Task brief
Could the lines from the top of the material to the line that contains "また、Wikipediaの「" be retyped exactly, both included and pictures omitted?

Material to process

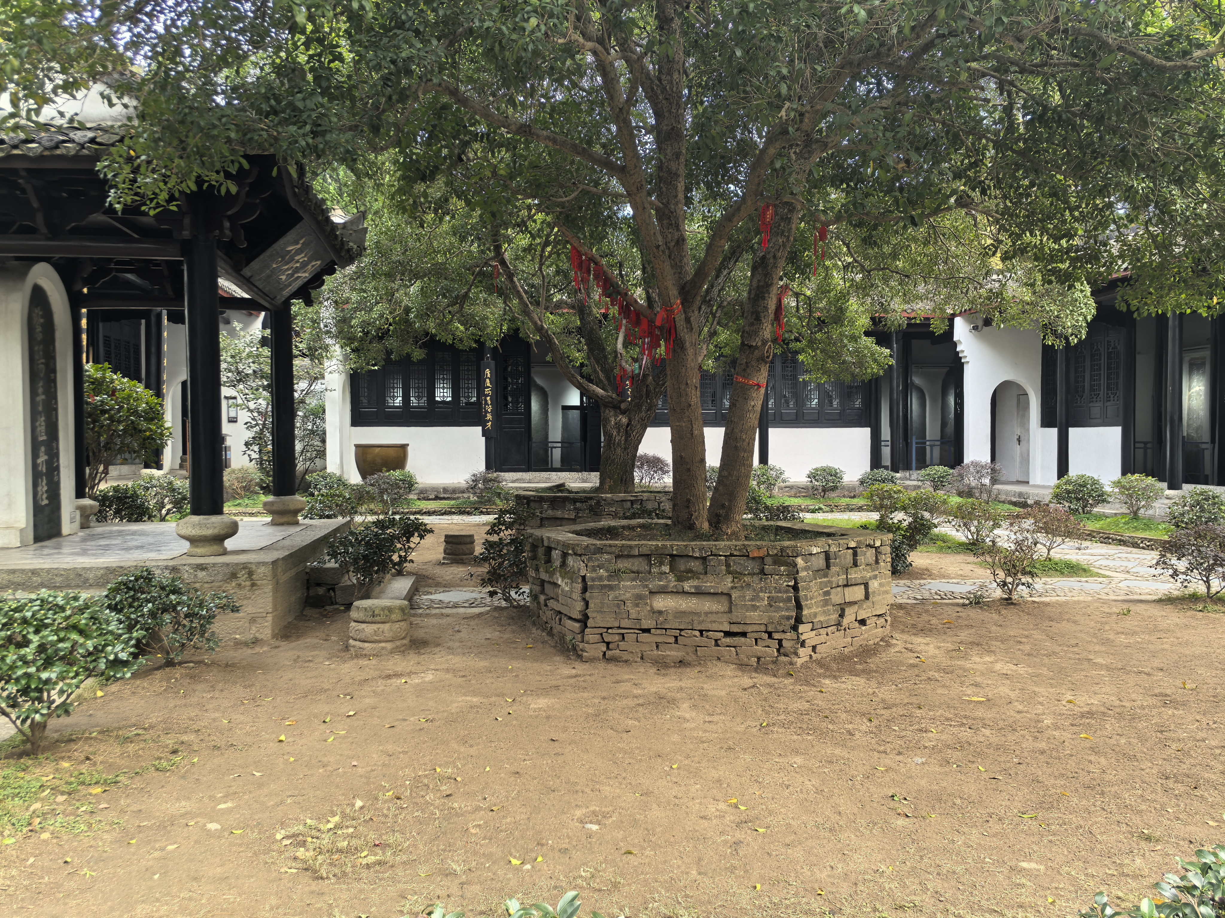 进大门左手第一个院落是先贤书院,纪念和祭祀对书院有开创之功的先贤大儒,其中就包括建立者李勃,以及对书院有开创之功的朱熹。其内部建筑包括朱子祠、报公祠、丹桂厅、碑廊。据说朱熹老爷子非常喜欢丹桂,现在院里还有他手植的丹桂。
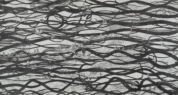 《藏》和《力爭上游吧》,都借鑒了兒童的觀畫視角。畫面沒有中心,人們在看畫的時候,會像孩子一樣,從某個細節(jié)挨個看去??吹搅巳藗?yōu)榱瞬煌姆较蛟谝粭l船上相互爭吵,看到了人們?yōu)榱烁鞣N目的尋找翅膀,有些人飛了,有些人墜了……第一眼看上去,畫面還算熱鬧,細看上去,畫面簡直滿是喧囂。在洶涌不已的水波中,人是那么小,又那么的不滿足。“力爭上游”是個好詞,教人勵志,后綴一個“吧”字,則充滿了質疑、調侃、猶豫。我們看似努力地去追求很多事情,真的能夠到達我們真正想去的地方么?水無常勢,世無常態(tài),爭與不爭,何去何從?
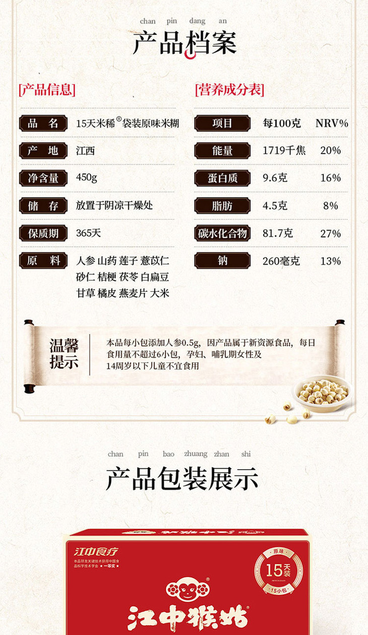江中猴姑米稀450g(原味)每天一杯 科学养胃
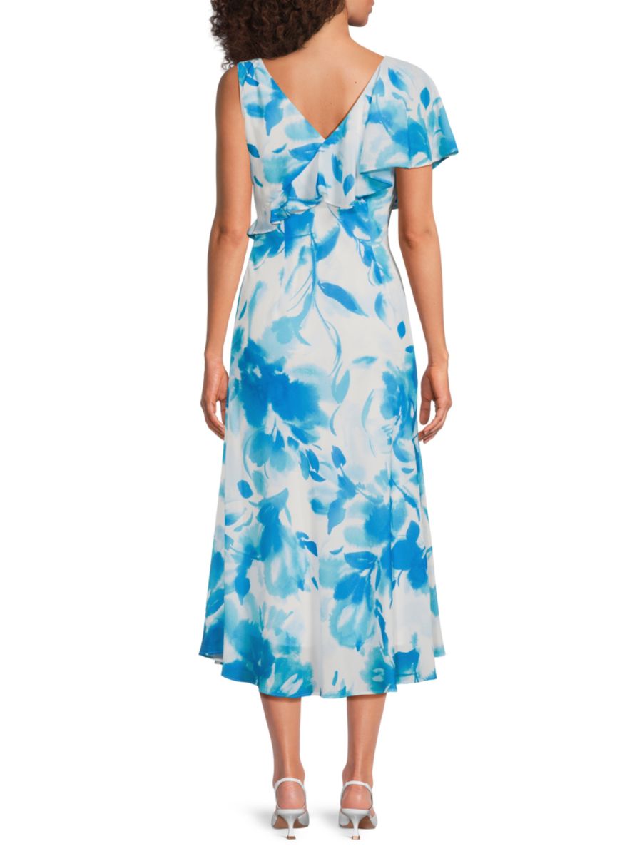 Платье миди с цветочным асимметричным рюшами Halston, цвет Blue White
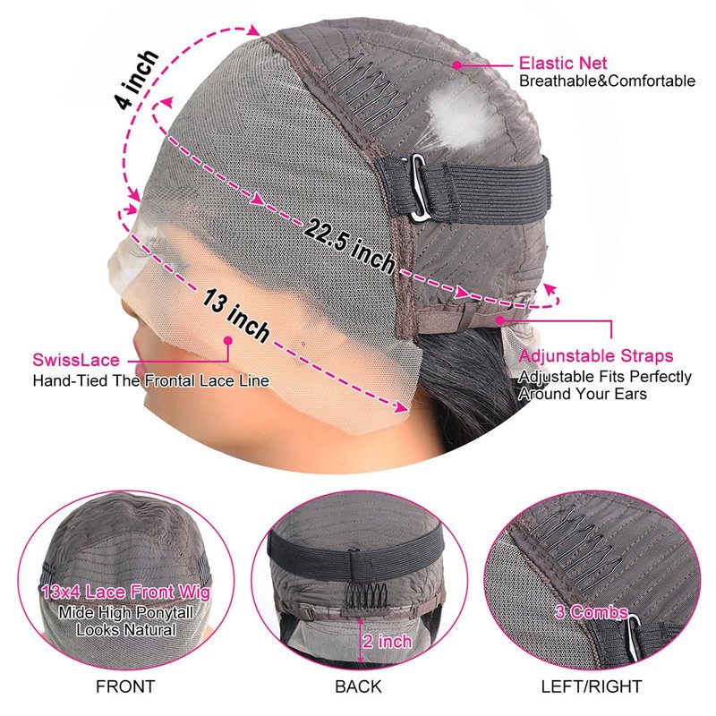 • Wig Cap: 21.5-23.5 Inch Head Circumference Can Be Used, Advanced Rose Net with Adjustable Straps and 4 Combs, Easy to Adjust Durable, Top Breathability For a More Comfortable Head, More Comfortable to Wear. 13x4 HD Lace Frontal Pre Plucked Will Be More Real and More Beautiful.
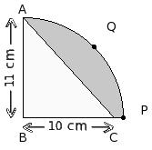 In the given figure, BC = 6.00 cm. Find the area of the shaded region
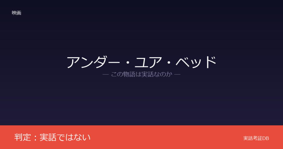 また、Wikipediaの「アンダー・ユア・ベッド」の記事にも、本作が実話に基づくという記述は見当たりません。以上のとおり、公式・一次発言・百科事典的資料のいずれも、本作が実話であるとは述べていません。
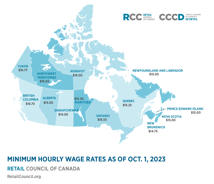 Manitoba is moving modestly, from $15.80 → $16.00/hr, continuing a post-pandemic series of smaller, steady increases. Manitoba’s retail and food service sectors rely heavily on hourly workers, so even a 20-cent raise can ripple through local economies.
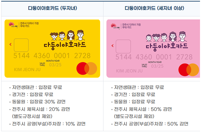 - 전주 다둥이 야호카드는 두자녀와 세자녀에 따라 일부(전주시 체육시설, 전주시 공영 주차장) 시설의 감면 혜택이 다르게 적용됩니다.
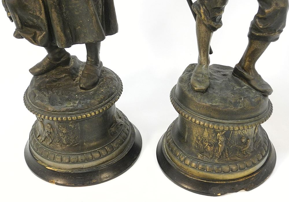 Pair of Spelter Figures signed L. Weiss, 26 1/2"H, "Harvesters".
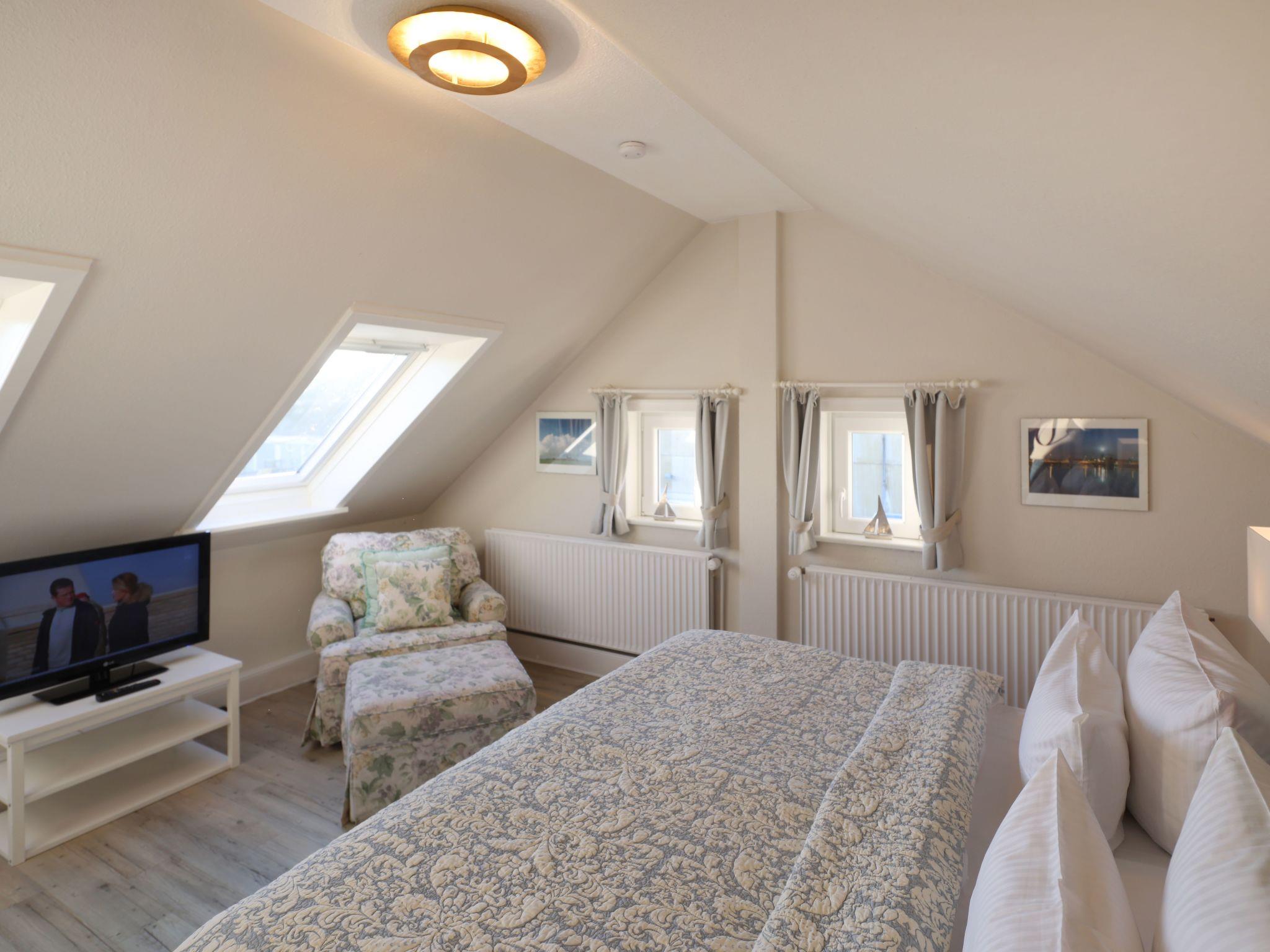 Wir heißen Sie herzlichst willkommen in unserer 4-Zimmer-Ferienwohnung Strand-Loft in der neu eröffneten "Strandvilla Schützenstraße 4" in Westerland. Die großzügig gestaltete Wohnung mit ca. 86 qm erstreckt sich über 2 Ebenen (1. Obergeschoß und Dachgeschoß).Eintreffen und wohlfühlen - lautet hier die Maxime!Die großzügige 4-Zimmer-Obergeschosswohnung bietet Ihnen Platz für bis zu 5 Personen. Vom Flurbereich geht sowohl die Treppe ins Dachgeschoss zum großen Elternschlafzimmer mit Flat TV ab als auch das Duschbad und die beiden Einzelschlafzimmer mit Verbindungstür. Die Küche ist ausgestattet mit Essecke, Mikrowellenbackofen, Geschirrspüler und 2er Cerankochfeld. Von hier aus gelangen Sie ins helle Wohnzimmer mit Couch, Stressless-Relax-Sessel und großem Flat TV mit DVD Player. Auf dem sonnigen Südbalkon warten Tisch und Stühle auf Sie.Das große Schlafzimmer bieten Ihnen ein behagliches Doppelbett zum Träumen an. Im 1. Obergeschoss laden zwei Einzelbettzimmer zum Wohlfühlen ein. Im Wohnzimmer bietet sich mit einer Schlafcouch eine weitere Möglichkeit an.Im Souterrain des Hauses befinden sich Waschmaschine und Trockner, ein Bügelbrett und Bügeleisen sowie eine Sauna (gegen Gebühr), die gemeinschaftlich genutzt werden können. Selbstverständlich gibt es im gesamten Haus Free Wifi.Ob in weichen Polstern , am großen Esstisch oder auf dem Balkon: Es bieten sich viele Möglichkeiten gemeinsam zu entspannen und zu genießen. Zu jeder Jahreszeit.Kommen Sie mit großen Erwartungen, diese werden hier erfüllt!

Expected answer
 进大门左手第一个院落是先贤书院,纪念和祭祀对书院有开创之功的先贤大儒,其中就包括建立者李勃,以及对书院有开创之功的朱熹。其内部建筑包括朱子祠、报公祠、丹桂厅、碑廊。据说朱熹老爷子非常喜欢丹桂,现在院里还有他手植的丹桂。
 《藏》和《力爭上游吧》,都借鑒了兒童的觀畫視角。畫面沒有中心,人們在看畫的時候,會像孩子一樣,從某個細節(jié)挨個看去??吹搅巳藗?yōu)榱瞬煌姆较蛟谝粭l船上相互爭吵,看到了人們?yōu)榱烁鞣N目的尋找翅膀,有些人飛了,有些人墜了……第一眼看上去,畫面還算熱鬧,細看上去,畫面簡直滿是喧囂。在洶涌不已的水波中,人是那么小,又那么的不滿足。“力爭上游”是個好詞,教人勵志,后綴一個“吧”字,則充滿了質疑、調侃、猶豫。我們看似努力地去追求很多事情,真的能夠到達我們真正想去的地方么?水無常勢,世無常態(tài),爭與不爭,何去何從?
江中猴姑米稀450g(原味)每天一杯 科学养胃
 Платье миди с цветочным асимметричным рюшами Halston, цвет Blue White
 • Wig Cap: 21.5-23.5 Inch Head Circumference Can Be Used, Advanced Rose Net with Adjustable Straps and 4 Combs, Easy to Adjust Durable, Top Breathability For a More Comfortable Head, More Comfortable to Wear. 13x4 HD Lace Frontal Pre Plucked Will Be More Real and More Beautiful.
 In the given figure, BC = 6.00 cm. Find the area of the shaded region
 また、Wikipediaの「アンダー・ユア・ベッド」の記事にも、本作が実話に基づくという記述は見当たりません。以上のとおり、公式・一次発言・百科事典的資料のいずれも、本作が実話であるとは述べていません。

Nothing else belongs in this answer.